Although the legacy of the war once known as the Great War is still contentious, we need to remind ourselves that Harry Clarke was in no way celebrating war and that Ireland’s Memorial Records are not instruments of propaganda. Clarke was creating art – and art matters. Art mattered just as much in 1923, when the books were published, as it matters now. Art can restore the soul and refresh the senses. Art can make us think and see the world around us in a new way. Clarke’s decorative designs gave voice to his intellect and his sentiment, and they should engage our minds as well as release our emotions. If they ask us what we believe, so much the better, as that is one province of art. Ireland’s Memorial Records are distinctive; they are the only national roll of honour completed by an internationally renowned artist to emerge from the 1914–18 conflict.

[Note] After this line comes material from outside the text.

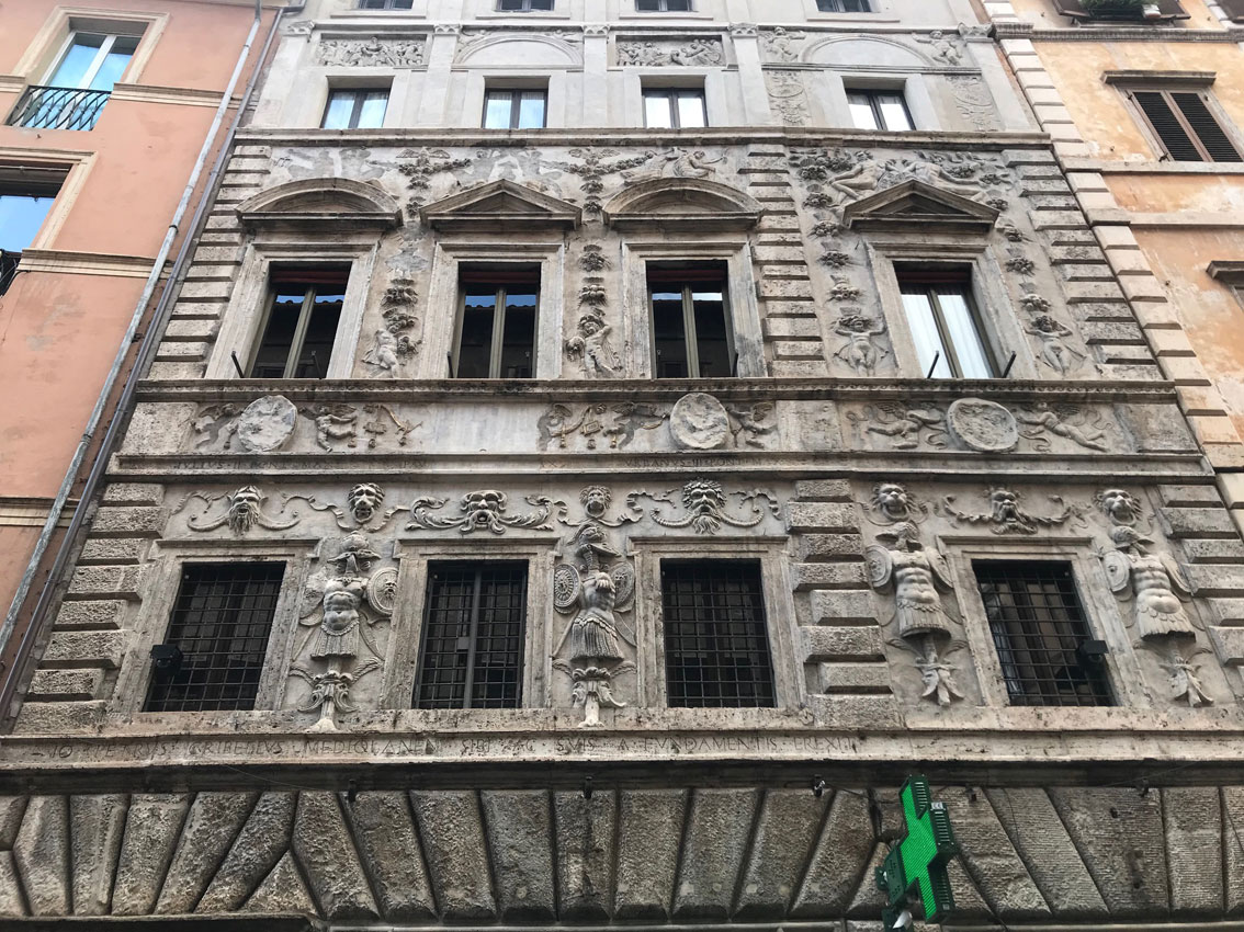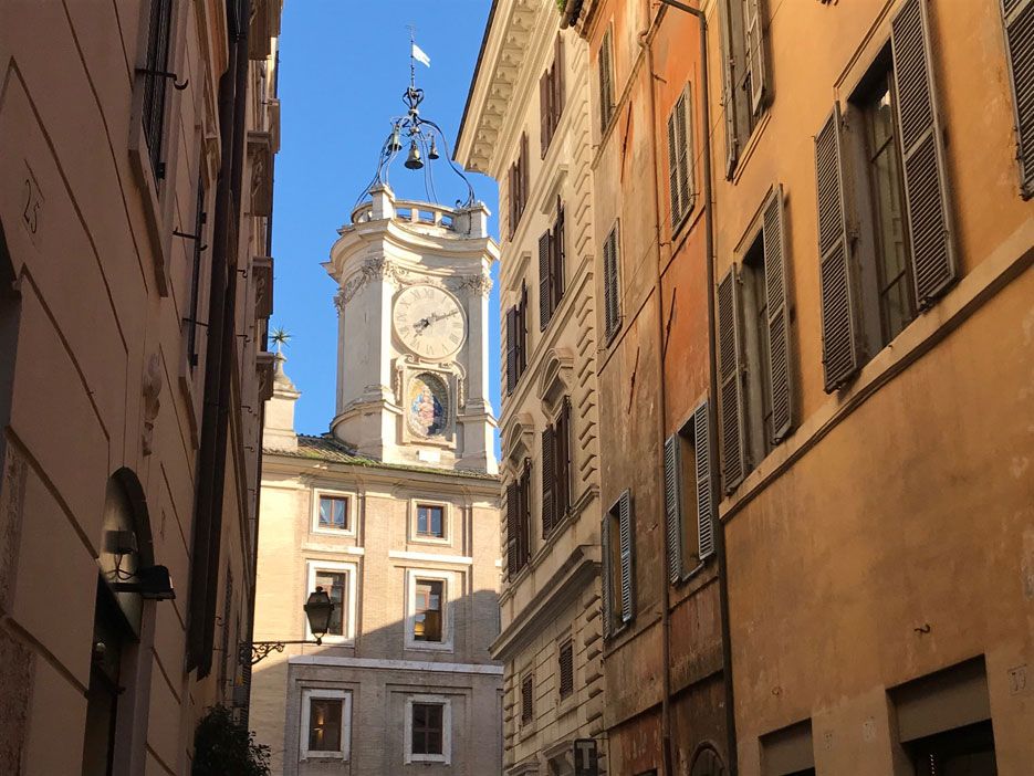 Passeggiata guidata in alcune delle più belle strade di Roma tra i caratteristici rioni Ponte e Parione, le strade degli antichi banchi finanziari, di depositi e di cambia valute: i Banchi Vecchi, Banchi Nuovi e il Banco di Santo Spirito. Durante questo avvincente percorso incontreremo l'anima della vecchia città, consolidatasi tra il Medioevo e il Seicento, e composta da palazzi e case, torri e chiese, cortili, targhe ed antiche edicole religiose. Ammireremo la Torre dell'Orologio, i palazzi Boncompagni Corcos, Benicelli, Alberini-Cicciaporci, Accetti, Gaddi Niccolini, del Vescovo di Cervia, Sforza Cesarini, la splendida quinta del Banco di Santo Spirito, il famoso palazzetto detto dei Pupazzi, il palazzo Capponi Stampa (che diede i natali a Pio XII), la chiesa di San Celso e Giuliano, la casa di Imperia, il palazzetto di Carlo Maderno, l'Arco dei Banchi con la targa della piena datata al lontano 1277.

This singular feature is a distinction for Ireland, for Dublin, and for art.
1The Imperial War Graves Commission (IWGC) was created by Royal Charter in 1917. In 1960, its name became the Commonwealth War Graves Commission. Throughout this book I refer to it by the name in use from 1917–39.
NOTES
1.P. Murray, Skippy Dies (New York: Macmillan, 2010), pp.552–53.
2.E. M. Cope, Commentary on the Rhetoric of Aristotle, (Cambridge: Cambridge University Press, 1877).
3.H. Clarke, National Library of Ireland, MS 39,202/B, contains diaries from 1914 and 1919.
4.J. Horne and E. Madigan, Towards Commemoration: Ireland in War and Revolution, 1912-1923, (Dublin: Royal Irish Academy, 2013); K. Jeffery, Ireland and the Great War, (Cambridge: Cambridge UP, 2000); F. D’Arcy, Remembering the War Dead: British Commonwealth and International War Graves in Ireland Since 1914 (Dublin: The Stationery Office, 2007); P. Murray, Skippy Dies.
5.. N. Bowe, personal conversation, June 2014.